Most of the time you send SIGKILL/SIGTERM. If the process is already terminated they do nothing. I'm not sure if this is an error that we need to throw. If you really need this information then you can check the Bool return.

Also, this is a race condition. You think that the process is running, you send SIGTERM, but in the meantime the process has terminated. Is this a reason throw?

Signals - Duplicate pid

I'm not exactly sure if I'm correct, but I think that after the process has terminated its pid is available for reuse. Same thing as FileDescriptors, but IIRC files guarantee the lowest value from the table, and pids do not.

So in theory:

  1. We start a process with closure body argument
  2. Process terminates
  3. body still runs
  4. OS reuses pid
  5. body sends SIGTERM

Is this possible? Idk.

In my implementation after the waitpid thread finishes I set the actor Subprocess state to terminated(exitStatus: CInt). From now on all of the sendSignal calls will do nothing and return false (meaning that process was terminated).

Arguments - ExpressibleByStringLiteral

Proposal v2 has:

Ideally, the Arguments feature should automatically split a string, such as "-a -n 1024 -v 'abc'", into an array of arguments. This enhancement would enable Arguments to conform to ExpressibleByStringLiteral, (…).

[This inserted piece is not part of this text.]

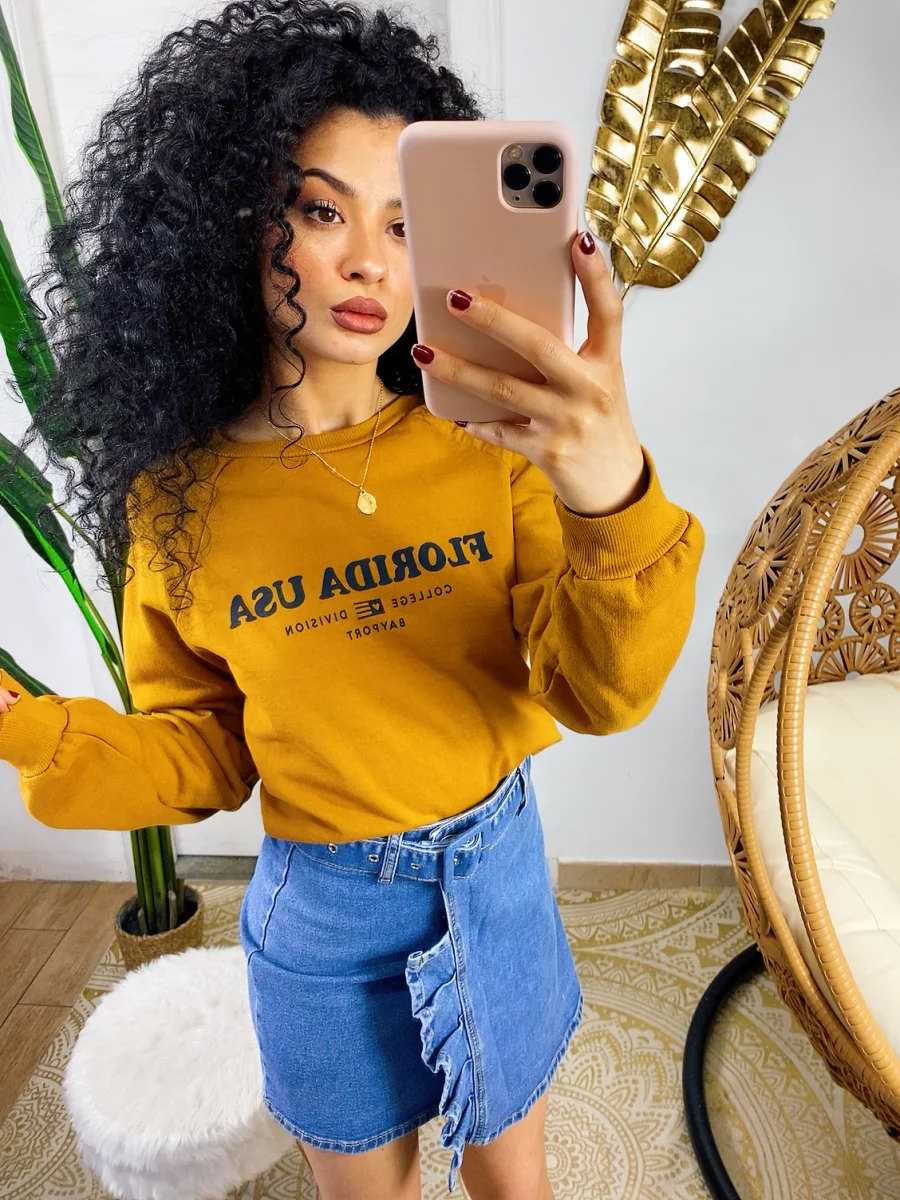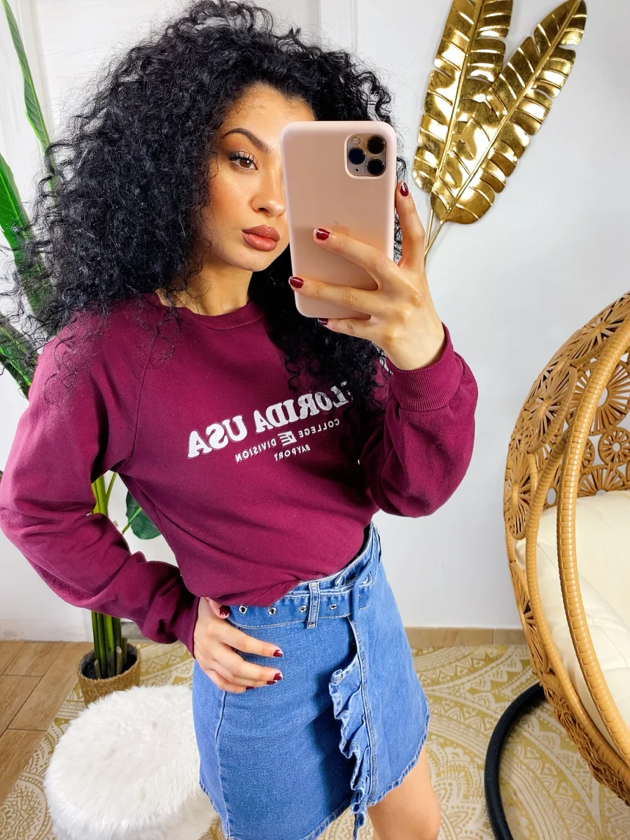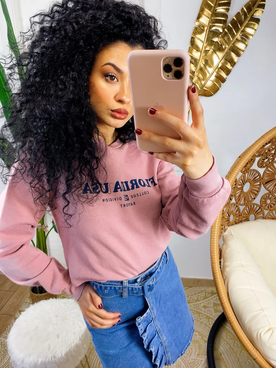 Felpa in tessuto garzato con stampa davanti

The split may fail if the String is malformed, and from what I see init(stringLiteral:) does not allow failures.

Arguments - QOL

Minor QOL stuff:

  • public init(_ array: [String], executablePathOverride: String) - can executablePathOverride be made optional? In the most common usage this parameter will not be supplied. Is this the same as @beaumont asked?

  • Arguments(CommandLine.arguments.dropFirst()) - do we want this? Obviously user can Array(…).

Environment - init

I assume that there is no public initializer for Environment() because that would be ambiguous between:

  • empty collection - Swift convention; for example Array<Int>() means empty.
  • inherit - which is what users really mean.

Maybe custom could be renamed to empty, this word already exists in Swift: Array.isEmpty.

Environment - strlen bug

Just in case it slips through a code review later: Subprocess.Configuration -> spawn -> createEnvironmentAndLookUpPath -> createFullCString:

let rawByteKey: UnsafeMutablePointer<CChar> = keyContainer.createRawBytes()
(…)
let totalLength = keyContainer.count + 1 + valueContainer.count + 1

For String:

  • createRawBytes does strdup(string)
  • keyContainer.count returns string.count

Try this:

let s = "Łoś" // Polish word for moose
print(s.count) // 3 - number of grapheme clusters
print(strlen(strdup(s)!)) // 5 - number of bytes

Fun fact: my real-world name contains "ł". If create a directory using it (which 99% of users do) and put as a value in env then totalLength is incorrect as it treats 1 Character = 1 byte while "ł" is 2 bytes.

Ergonomic & documentation

Though, by far my biggest gripe with the proposal is (btw. we are 25k characters in):

  • we have 6 overloads with 8 or 9 arguments each.
  • all of the overloads start with the same arguments making it hard to see the difference
  • some of the arguments are optional which basically mean more overloads.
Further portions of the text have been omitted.